_ACTIVITY:_ For every entry, reproduce the wording exactly and omit any image it holds.

[Excerpts from a dataset]
= = = =

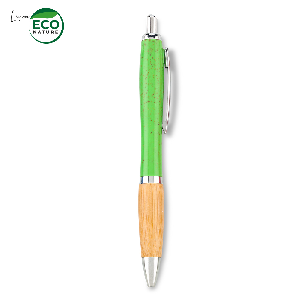 Bolígrafo plástico con parte inferior con bambú natural. Clip metálico. Mezcla con material ecológico en fibra de trigo (50%-60% aprox). El porcentaje de material ecológico tiene un promedio de biodegradabilidad de 2-3 años después del fin de su vida útil. Mecanismo push.
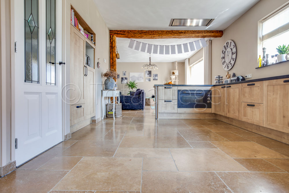 Basalt is een vrij harde natuursteensoort, waardoor krassen minder snel zichtbaar zijn. De meeste basalt soorten hebben een donkere kleur en worden vaak toegepast bij een moderne inrichting. - Travertin vloertegels
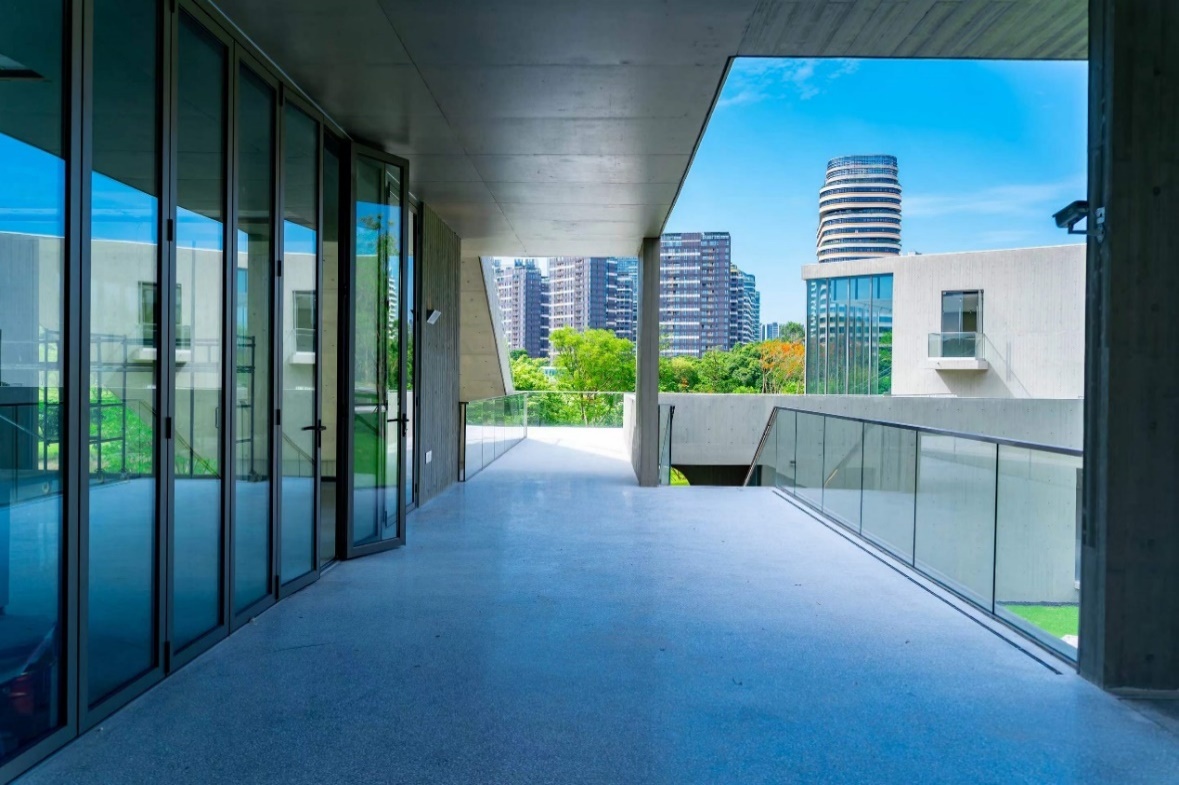 在这里,你可以登露台远眺,前景是碧眼水库波光潋滟的湖面,远方是景深茂密的群山,可以无边框欣赏蜿蜒4公里的虹桥“红飘带”,最大化将虹桥公园怡人景色尽收眼底。在这里,你可以在艺术空间与艺术沟通,感受诗意的涌动。
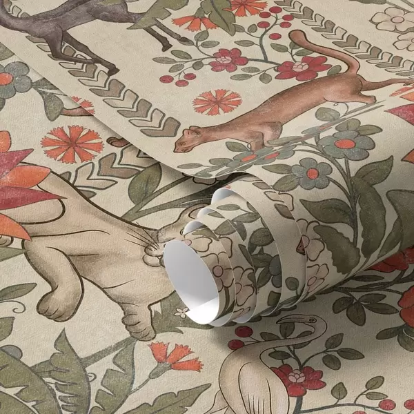 Papel tapiz Estilo retro: Animales y flores sobre fondo vintage Nr. a00431
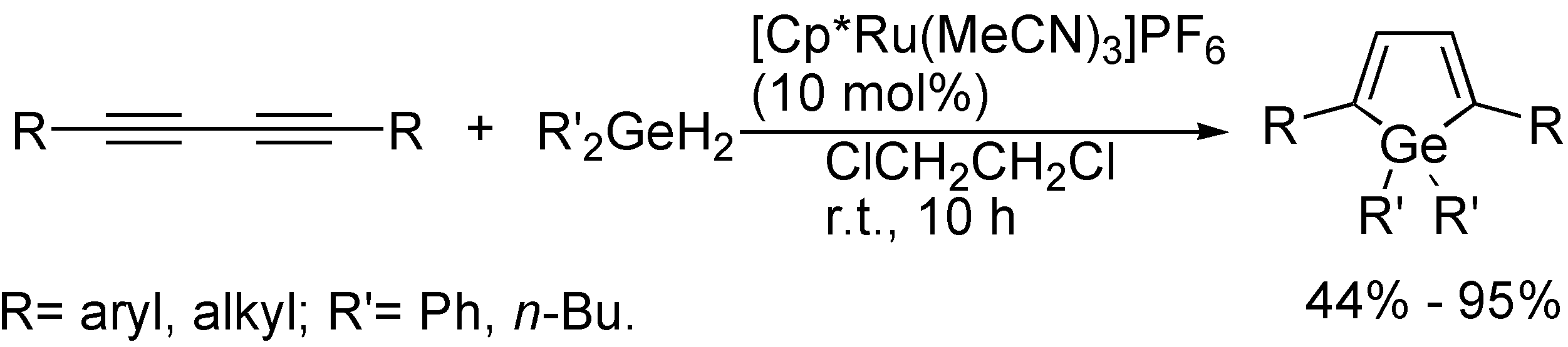 - Matsuda, T.; Kadowaki, S.; Yamaguchi, Y.; Murakami, M. Ruthenium-catalyzed trans-hydrogermylation of alkynes: Formation of 2,5-disubstituted germoles through double trans-hydrogermylation of 1,3-diynes. Org. Lett. 2010, 12, 1056–1058. [Google Scholar] [CrossRef]
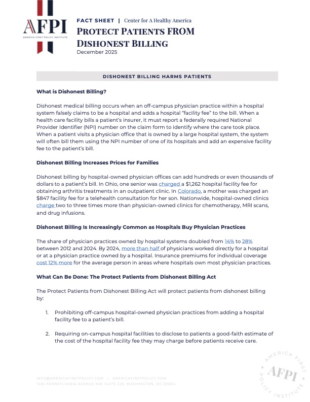 Dishonest billing by hospital-owned physician offices can add hundreds or even thousands of dollars to a patient’s bill. In Ohio, one senior was charged a $1,262 hospital facility fee for obtaining arthritis treatments in an outpatient clinic. In Colorado, a mother was charged an $847 facility fee for a telehealth consultation for her son. Nationwide, hospital-owned clinics charge two to three times more than physician-owned clinics for chemotherapy, MRI scans, and drug infusions.
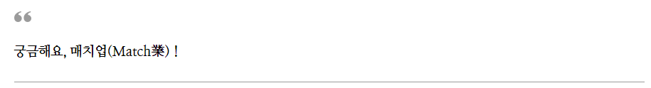 여러분은 매치업(Match業)에 대해 들어보셨나요?
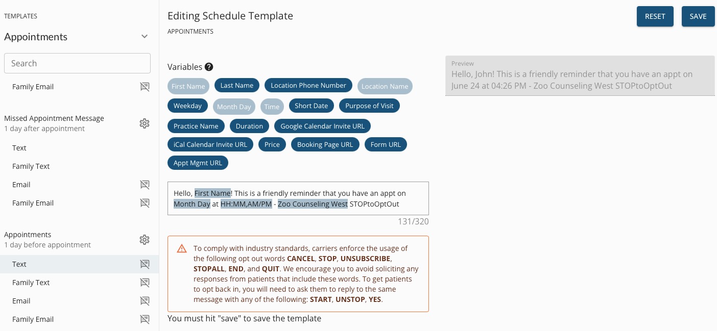 - A preview example will display on the right. Click SAVE when you are happy with your message. To return to the default message, click RESET.
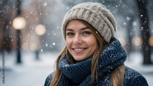A smiling girl standing in the snow, with snowflakes gently falling around her, capturing the essence of a joyful winter atmosphere
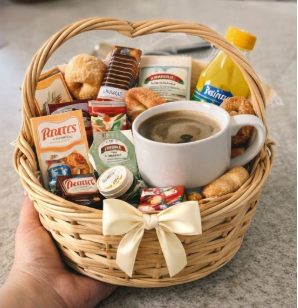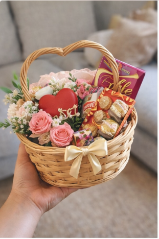 Cesta Mini Romântica com Caneca, Chocolates e Buquê
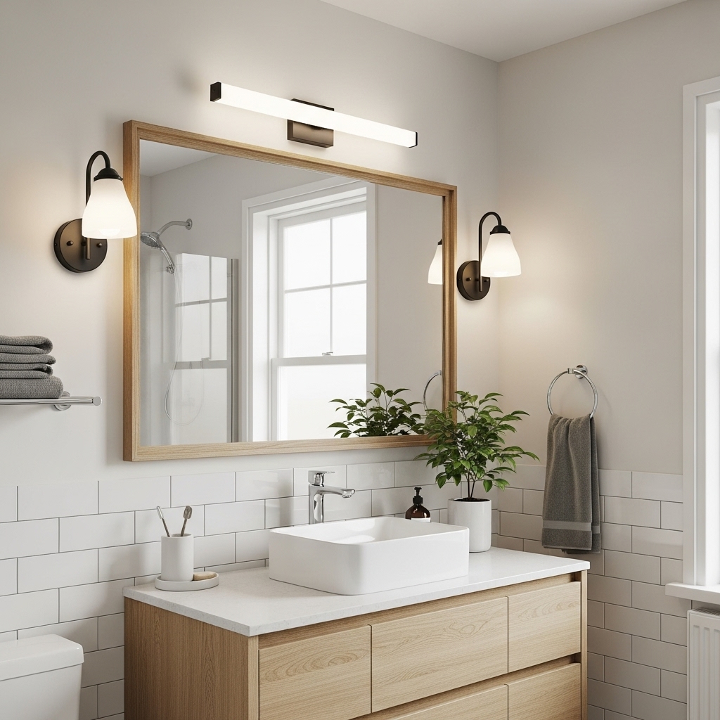 If your bathroom has the dreaded harsh lighting, consider plug-in wall sconces or stick-on LED vanity lights. Better lighting = better vibes (and better selfies).
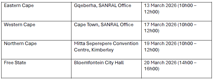 SANRAL will conduct more stakeholder engagement sessions this week at the following locations and dates:
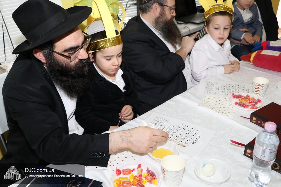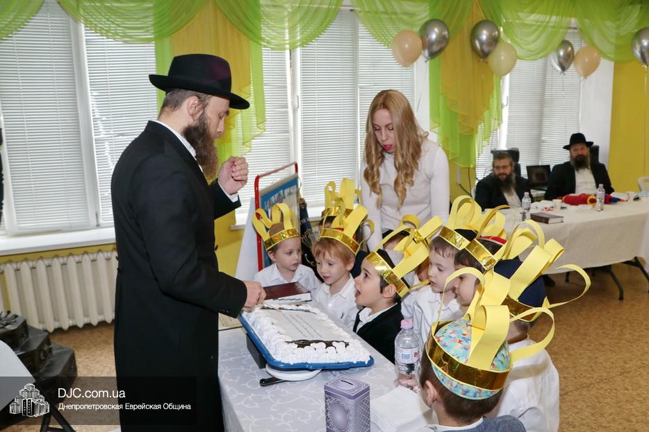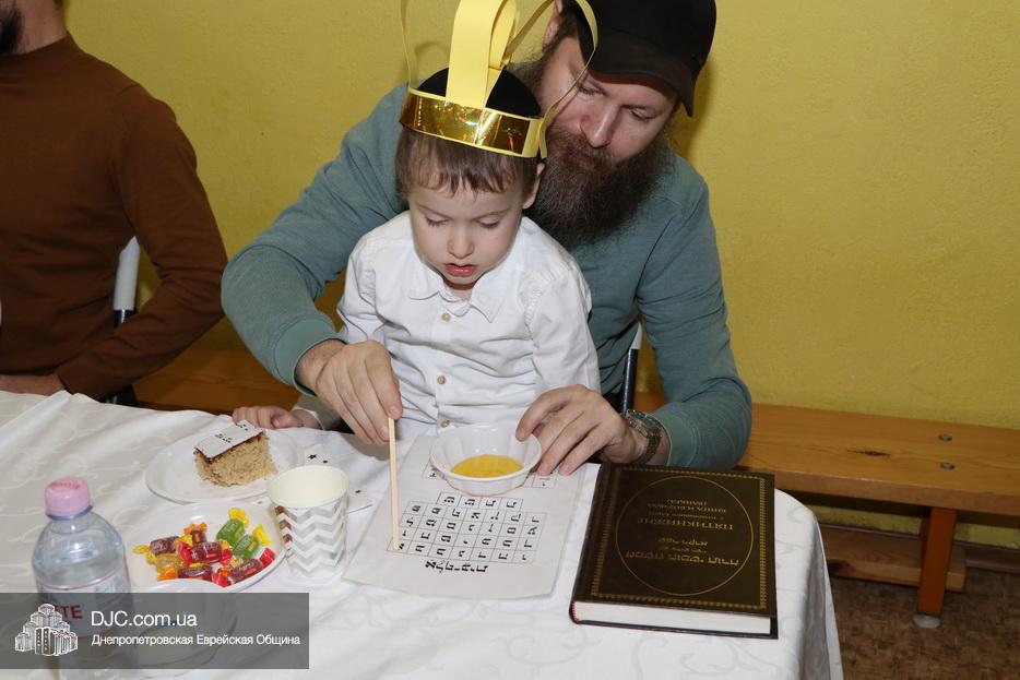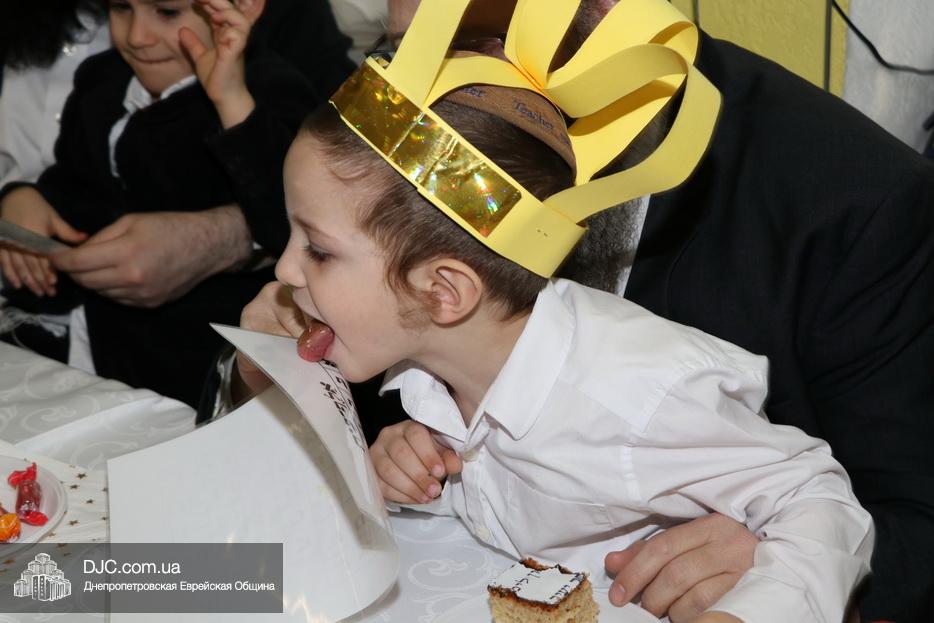 Затем меламед Реувен Гринберг показал детям буквы, которые они будут изучать, а они хором за ним повторяли их. После чего каждый ребенок почувствовал сладость изучения Торы – на листок с алфавитом было капнуто медом и каждому мальчику разрешили его облизнуть. Также по традиции особая надпись была нанесена и на сваренные в крутую куриные яйца, и на специальный торт, и каждый ребенок символически воспринял еврейские знания с помощью всех органов чувств.

= = = =

_OUTPUT OF THE TASK:_
 Bolígrafo plástico con parte inferior con bambú natural. Clip metálico. Mezcla con material ecológico en fibra de trigo (50%-60% aprox). El porcentaje de material ecológico tiene un promedio de biodegradabilidad de 2-3 años después del fin de su vida útil. Mecanismo push.
 Basalt is een vrij harde natuursteensoort, waardoor krassen minder snel zichtbaar zijn. De meeste basalt soorten hebben een donkere kleur en worden vaak toegepast bij een moderne inrichting. - Travertin vloertegels
 在这里,你可以登露台远眺,前景是碧眼水库波光潋滟的湖面,远方是景深茂密的群山,可以无边框欣赏蜿蜒4公里的虹桥“红飘带”,最大化将虹桥公园怡人景色尽收眼底。在这里,你可以在艺术空间与艺术沟通,感受诗意的涌动。
 Papel tapiz Estilo retro: Animales y flores sobre fondo vintage Nr. a00431
 - Matsuda, T.; Kadowaki, S.; Yamaguchi, Y.; Murakami, M. Ruthenium-catalyzed trans-hydrogermylation of alkynes: Formation of 2,5-disubstituted germoles through double trans-hydrogermylation of 1,3-diynes. Org. Lett. 2010, 12, 1056–1058. [Google Scholar] [CrossRef]
 Dishonest billing by hospital-owned physician offices can add hundreds or even thousands of dollars to a patient’s bill. In Ohio, one senior was charged a $1,262 hospital facility fee for obtaining arthritis treatments in an outpatient clinic. In Colorado, a mother was charged an $847 facility fee for a telehealth consultation for her son. Nationwide, hospital-owned clinics charge two to three times more than physician-owned clinics for chemotherapy, MRI scans, and drug infusions.
 여러분은 매치업(Match業)에 대해 들어보셨나요?
 - A preview example will display on the right. Click SAVE when you are happy with your message. To return to the default message, click RESET.
A smiling girl standing in the snow, with snowflakes gently falling around her, capturing the essence of a joyful winter atmosphere
 Cesta Mini Romântica com Caneca, Chocolates e Buquê
 If your bathroom has the dreaded harsh lighting, consider plug-in wall sconces or stick-on LED vanity lights. Better lighting = better vibes (and better selfies).
 SANRAL will conduct more stakeholder engagement sessions this week at the following locations and dates:
 Затем меламед Реувен Гринберг показал детям буквы, которые они будут изучать, а они хором за ним повторяли их. После чего каждый ребенок почувствовал сладость изучения Торы – на листок с алфавитом было капнуто медом и каждому мальчику разрешили его облизнуть. Также по традиции особая надпись была нанесена и на сваренные в крутую куриные яйца, и на специальный торт, и каждый ребенок символически воспринял еврейские знания с помощью всех органов чувств.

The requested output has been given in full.